Your answer should be an exact copy of the lines from the one containing "Toxicity of organic" through the last line of the records below, without any pictures.
Content starts
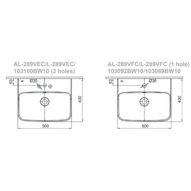 Depth 170mm Height 400mm Width 500mm. Chậu rửa treo tường, thiết kế tối giản, dễ dàng vệ sinh.
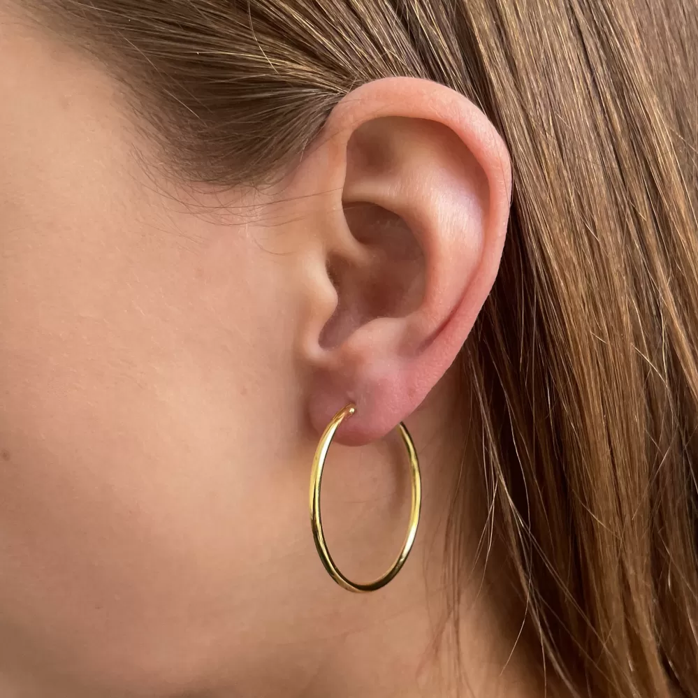 Pozlátené strieborné náušnice typu kruhy61005 sú vyrobené zo striebra rýdzosti 925/1000. Náušnice majú dĺžku 35 mm a zapínanie na krúžok. Šperk 61005 neobsahuje nikel, a tak sa nemusíte obávať alergickej reakcie.
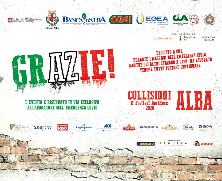 “Abbiamo potuto realizzare questo sogno grazie ai numerosi partner che hanno condiviso con noi un’idea semplice: la convinzione che a tutte queste persone in qualche modo la comunità dovesse dire un Grazie” commenta il direttore artistico di Collisioni, Filippo Taricco. “Questo grande progetto rappresenta una sfida importante per la nostra città” commentano il sindaco di Alba Carlo Bo e l’Assessore al turismo Emanuele Bolla “Siamo orgogliosi di aver lavorato a questo progetto che rappresenta un momento di restituzione a chi ha dato tanto al paese, e al contempo un’occasione di promozione territoriale”. Banca d’Alba è stato un attore principale dell’iniziativa, ed ha contribuito fin dall’inizio alla sua ideazione. “Sono stati mesi molto difficili, in cui Banca d’Alba ha intensificato il proprio impegno economico e sociale a sostegno della comunità” commenta il Presidente di Banca d’Alba Tino Cornaglia “Con la ripartenza ci è parso opportuno ringraziare chi ha garantito i servizi primari con il proprio lavoro e per farlo abbiamo ragionato insieme a Collisioni, al Comune e ad altri attori del territorio per trovare un segnale, un gesto di attenzione verso i veri protagonisti. Siamo felici che questo si sia tramutato in un festival che, in assoluta sicurezza, animerà l’estate albese”.
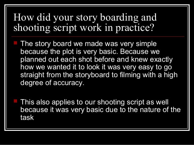 8. 8. How did your story boarding and shooting script work in practice?  The story board we made was very simple because the plot is very basic. Because we planned out each shot before and knew exactly how we wanted it to look it was very easy to go straight from the storyboard to filming with a high degree of accuracy.  This also applies to our shooting script as well because it was very basic due to the nature of the task
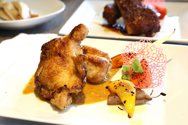 先是牛肉又是龍蝦,一旁的烤雞稍微有被冷落,其實它是今天第二好吃的【焦糖鳳梨烤雞佐叻沙醬】,它的外皮烤到酥酥脆,切起來會喀滋喀滋的,裡面的雞肉卻是嫩到一咬就化,跟充滿南洋風情的叻沙醬一起吃,爽口不膩!
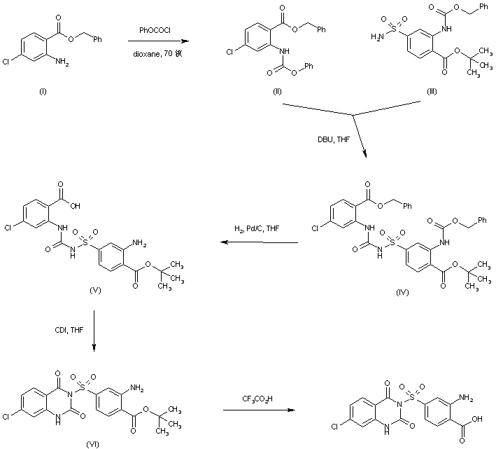 Benzyl 4-chloroanthranilate (I) is treated with phenyl chloroformate in hot dioxane to produce carbamate (II). Condensation between the phenyl carbamate (II) and sulfonamide (III) in the presence of DBU yields the sulfonyl urea (IV). The benzyl ester and N-benzyloxycarbonyl groups of (IV) are then removed by catalytic hydrogenolysis to furnish acid (V). Cyclization of (V) by means of CDI leads to the quinazolinedione (VI). Finally, the tert-butyl ester group of (VI) is cleaved by treatment with trifluoroacetic acid to provide the title compound
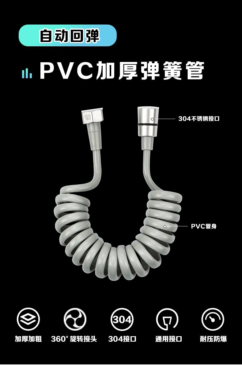 대형 흐름 스테인레스 스틸 샤워 호스 화장실 여성 청소기 폭발 방지 전화선 튜브 스프레이 건 텔레스코픽 스프링 튜브
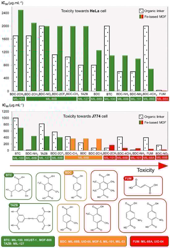 Toxicity of organic ligands and corresponding MOFs based on Fe, based on IC50 data [110,114] Reprinted with permission from Ref. [110] ©Elsevier 2023.
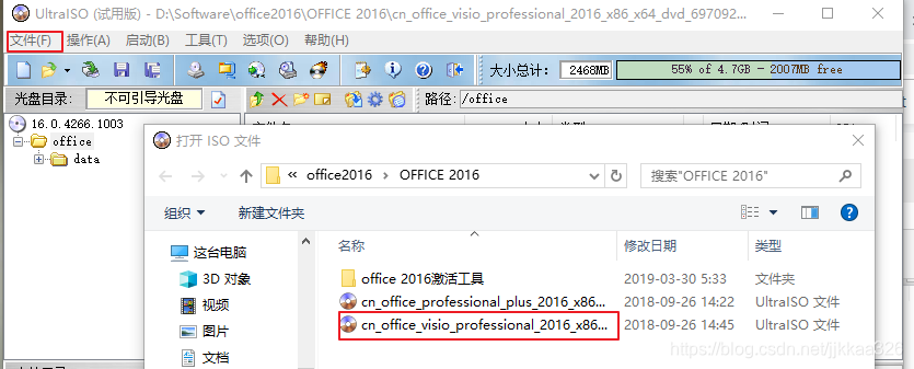 3.准备一个4G以上的U盘并插入USB电脑接口;打开ultraiso软件,在菜单栏【文件】-【打开】,选择第1步下载的ISO文件。如下图所示(更新图片时,没有ubuntu的ISO文件在手边,用了office的ISO做了个示例)
Content ends
-- Solution for this task --
 Toxicity of organic ligands and corresponding MOFs based on Fe, based on IC50 data [110,114] Reprinted with permission from Ref. [110] ©Elsevier 2023.
 3.准备一个4G以上的U盘并插入USB电脑接口;打开ultraiso软件,在菜单栏【文件】-【打开】,选择第1步下载的ISO文件。如下图所示(更新图片时,没有ubuntu的ISO文件在手边,用了office的ISO做了个示例)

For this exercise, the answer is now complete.